We made a leisurely morning of it before we decided to head to Halfway, Oregon. Halfway had renamed itself Half.com in the early 2000 dot.com boom (it was a small town familiar with booms and busts over the years). Beyond Halfway was the fabled ghost mining town of Cornucopia (we found a listing of ghost towns of Eastern Oregon) and decided another ghost town (sans trailer in tow) would be the order of the day.

But first we took a detour to the Oregon Trail Interpretive Center where we were greeted by a very credible Buffalo Bill impersonator (refer to this blog’s 2013 visit to the Buffalo Bill Museum in Wyoming)


We spent the better part of an hour taking in the dioramas of life on the Oregon Trail. I didn’t realize just how brutal the Oregon Trail was. It took on average 140-180 days to travel the 2000 mile trail. It was so treacherous that on average there was a grave every 80 yards along the trail. Most deaths where not caused by glamourous Western Expansion murders, suicides, or indian attacks, but more often than not by small pox and dysentery. I mean, you can see the anguish in these dioramas.

  

  

   

There was a great interactive exhibit where you could pack your own covered wagon before heading out on the Oregon Trail. Which items would you have to leave behind? The children’s toys? The family heirlooms? The barrel of whiskey? Hell No! My superior “Tetris Skills” allowed me to pack everything in my wagon. I would have owned the trail!

The Interpretive Center was on a high bluff overlooking a preserved section of the Oregon Trail which you could see from the bay windows (it looks cloudy but its 103 degrees out there!). 

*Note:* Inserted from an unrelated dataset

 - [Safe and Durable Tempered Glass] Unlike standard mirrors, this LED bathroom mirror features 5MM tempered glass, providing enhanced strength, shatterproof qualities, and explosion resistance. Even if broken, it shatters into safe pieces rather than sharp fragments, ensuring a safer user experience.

The Interpretive Center is only 5 miles from Baker City, so we continued (runing low on fuel) to Richland about an hour away towards Hells Canyon. We gassed at the only station in the region and headed on towards Halfway where we had lunch at the only open (or still in business) restaurant in town – Wild Bills!

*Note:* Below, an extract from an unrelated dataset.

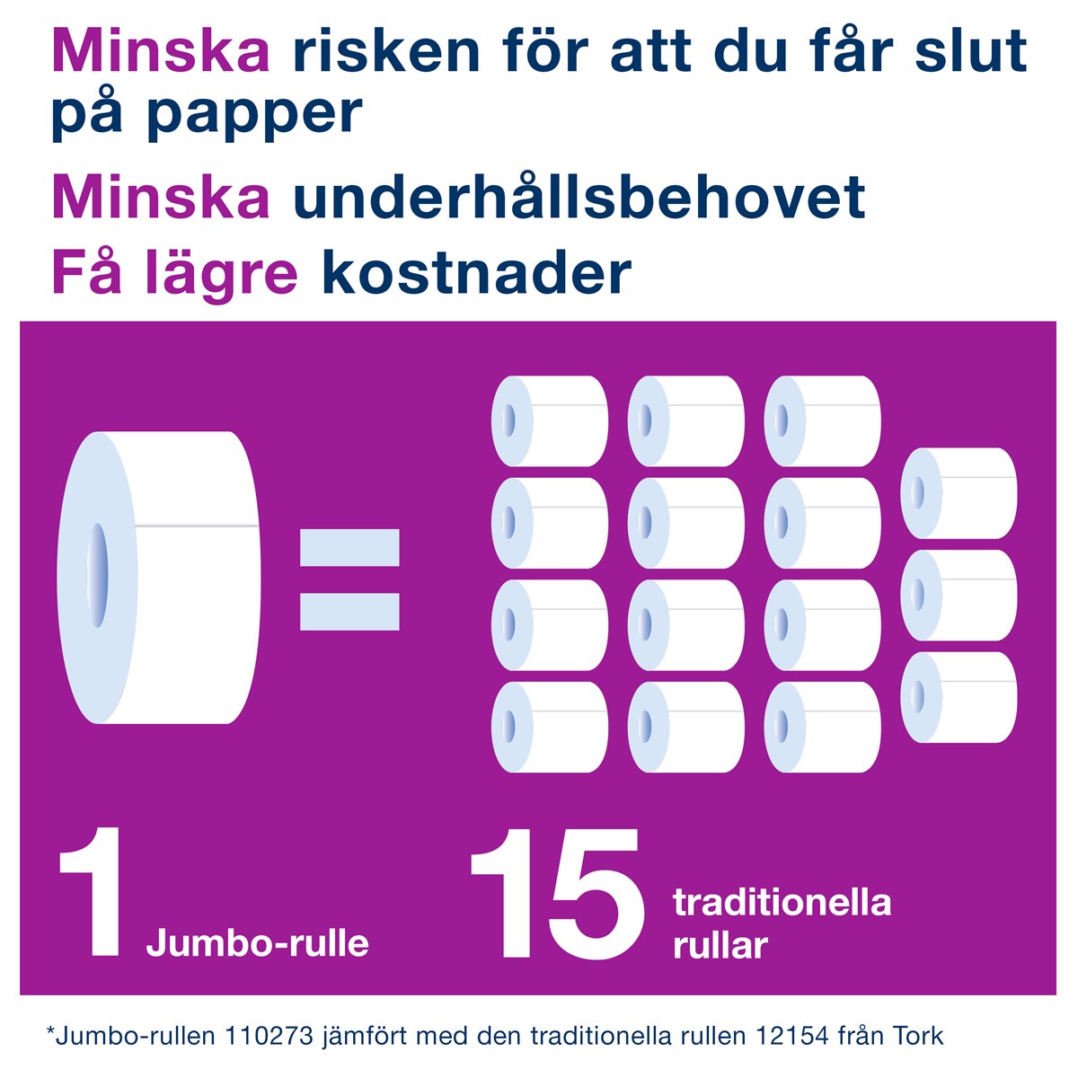 Systemet Tork Jumbo innebär effektivt utnyttjande av tiden och minskade kostnader och erbjuder mycket mer toalettpapper än standardrullar. Tork Universal Jumbo toalettpapper med 1 lager tillgodoser de grundläggande behoven i ett toalettutrymme, erbjuder bra värde för pengarna och är lämpligt för platser med hög besöksfrekvens.

We asked about the roads to Cornucopia and one waitress said the roads were passable and so far as she knew there were still a few buildings standing. We decided to go for it.

We headed North past Halfway to the end of the county road where it turns to gravel just as the waitress had said. It would be approximately 6 miles before we came to the ghost town (a mining boom town which at one time extracted $10M in gold (back in a day when that was a meaningful number). Today we would find out that most of the claims were owned by GE who were trying to mine uranium there for the war effort.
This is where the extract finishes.